Uitspraak 201704961/1/A1


Volledige tekst

201704961/1/A1.
Datum uitspraak: 8 augustus 2018

AFDELING
BESTUURSRECHTSPRAAK

Uitspraak op het hoger beroep van:

Syndicus Beheer B.V., gevestigd te Hedel, gemeente Maasdriel,
appellante,

tegen de uitspraak van de rechtbank Den Haag van 8 mei 2017 in zaken nrs. 16/8715 en 16/8428 in het geding tussen:

Syndicus

en

het college van burgemeester en wethouders van Leiden.

Procesverloop

Bij besluit van 20 april 2016 heeft het college geweigerd aan Syndicus ligplaatsvergunning te verlenen voor het aanleggen van een woonschip aan de [locatie] te Leiden (hierna: het perceel).

Bij besluit van 6 september 2016 heeft het college het door Syndicus daartegen gemaakte bezwaar ongegrond verklaard.

Bij besluit van 22 september 2016 heeft het college geweigerd aan Syndicus omgevingsvergunning te verlenen voor het in afwijking van het bestemmingsplan gebruiken van het perceel voor het aanleggen van een woonschip.

Bij uitspraak van 8 mei 2017 heeft de rechtbank de door Syndicus tegen de besluiten van 6 september 2016 en 22 september 2016 ingestelde beroepen ongegrond verklaard. Deze uitspraak is aangehecht.

Tegen deze uitspraak heeft Syndicus hoger beroep ingesteld.

Het college heeft een schriftelijke uiteenzetting gegeven.

Syndicus heeft nadere stukken ingediend.

De Afdeling heeft de zaak ter zitting behandeld op 13 juni 2018, waar Syndicus Beheer, vertegenwoordigd door [gemachtigden], en het college, vertegenwoordigd door mr. A. Kooij en ing. S.S. Chotkan, zijn verschenen.

Overwegingen

Inleiding

1. Syndicus heeft verzocht om een ligplaatsvergunning en een omgevingsvergunning voor het aanleggen van een woonschip op het perceel. Het college heeft de beide vergunningen geweigerd.
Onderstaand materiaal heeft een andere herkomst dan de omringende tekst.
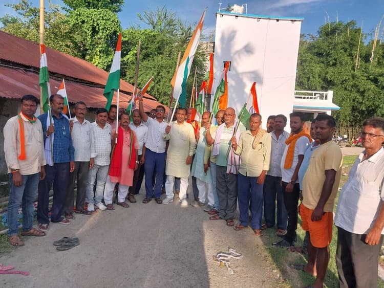 सरायगढ़. प्रखंड क्षेत्र के भाजपा कार्यकर्ताओं ने स्वतंत्रता दिवस की पूर्व संध्या तिरंगा यात्रा निकाली. बाइक पर तिरंगा लेकर सवार यात्रा का नेतृत्व भाजपा प्रखंड अध्यक्ष किशोर ठाकुर ने की. तिरंगा यात्रा छिटही हनुमान नगर पंचायत के शिव मंदिर प्रांगण से निकली गई. जो लौकहा, झिल्लाडुमरी, शाहपुर पृथ्वीपट्टी, पिपरा खुर्द, भपटियाही सहित अन्य पंचायतों में भ्रमण किया. भाजपा कार्यकर्ताओं ने तिरंगा यात्रा के दौरान लोगों को हर घर में झंडोत्तोलन करने की बात कही. तिरंगा यात्रा का समापन बीएन इंटर कॉलेज भपटियाही के प्रांगण में किया गया. इस मौके पर छातापुर विधानसभा प्रभारी रामकुमार राय, प्रभु कुमार मेहता, विजय कुमार सिंह, मुकेश मेहता, राधेश्याम मेहता, नरेंद्र मुखिया, अजय सिंह, चंदन गुप्ता, परमेश्वर मुखिया, भवी लाल शर्मा, तारानंद मुखिया, कामेश्वर सिंह, ओम प्रकाश साह, राजेश ठाकुर, मनोज साह, विष्णुदेव महतो, रविंद्र सिंह, रविंद्र कुमार मेहता, जितेंद्र पासवान, मनीष कुमार, सोनू कुमार, अमरेंद्र राय, बेचन राय, श्याम सुंदर राय सहित दर्जनों भाजपा कार्यकर्ता शामिल थे.

Volgens het college is het aanleggen van een woonschip op het perceel in strijd met het geldende bestemmingsplan "Leiden Noord 1e herziening" (hierna: het bestemmingsplan), omdat het perceel daarin niet als ligplaats is aangewezen. Het college wil niet meewerken aan afwijking van het bestemmingsplan door een omgevingsvergunning op grond van de Wet algemene bepalingen omgevingsrecht (hierna: de Wabo) te verlenen. Volgens hem is de sociale veiligheid ter plaatse gering, met als gevolg hinder voor omwonenden, en neemt het gevraagde woonschip door de breedte teveel ruimte van de sloot in beslag. Verder verdraagt een woonschip zich volgens het college niet met de ambitie om een ecologisch-landschappelijke overgangszone te creëren en om een groene en natuurvriendelijke oever met een openbaar karakter te realiseren. Volgens het college heeft het Hoogheemraadschap Rijnland verder aangegeven geen watervergunning te zullen verlenen voor het aanleggen van een woonschip.

Het college heeft verder de gevraagde ligplaatsvergunning geweigerd, omdat de afmetingen van het gevraagde woonschip niet in overeenstemming zijn met het ligplaatsenplan en het Hoogheemraadschap Rijnland bezwaren heeft tegen deze afmetingen. Bovendien heeft het college het niet aannemelijk geacht dat Syndicus binnen 26 weken na eventuele verlening van de ligplaatsvergunning de ligplaats zou kunnen innemen.

Syndicus kan zich met de beide weigeringen niet verenigen.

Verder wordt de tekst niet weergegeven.